Triangle inequality

In mathematics, the triangle inequality is a statement which states roughly that the distance from A to B to C is never shorter than going directly from A to C. The triangle inequality is a theorem in spaces such as the real numbers, Euclidean space, L^p spaces (p ≥ 1) and more generally in all inner product spaces; it is an axiom in the definition of abstract concepts such as normed vector spaces and metric spaces.

In a normed vector space V, the triangle inequality reads

||x + y|| ≤ ||x|| + ||y|| for all x, y in V

in words: "the norm of the sum of two vectors is at most as large as the sum of the norms of the two vectors."
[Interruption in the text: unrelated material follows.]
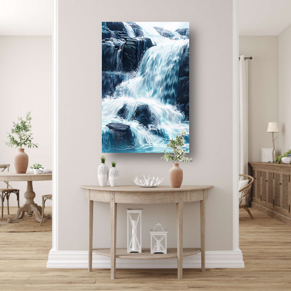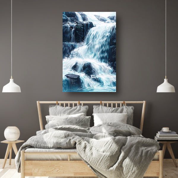 Levendige waterval schilderij met blauwe en groene tinten canvas

In a metric space M with metric d, the triangle inequality is

d(x, z) ≤ d(x, y) + d(y, z) for all x, y, z in M

in words: the distance from x to z is at most as large as the sum of the distance from x to y and the distance from y to z.

The following consequences of the triangle inequalities are often useful; they give lower bounds instead of upper bounds:

| ||x|| - ||y|| | ≤ ||x - y|| or for metric | d(x, y) - d(x, z) | ≤ d(y, z)

this implies that the norm ||-|| as well distance function d(x, -) are 1-Lipschitz and therefore continuous.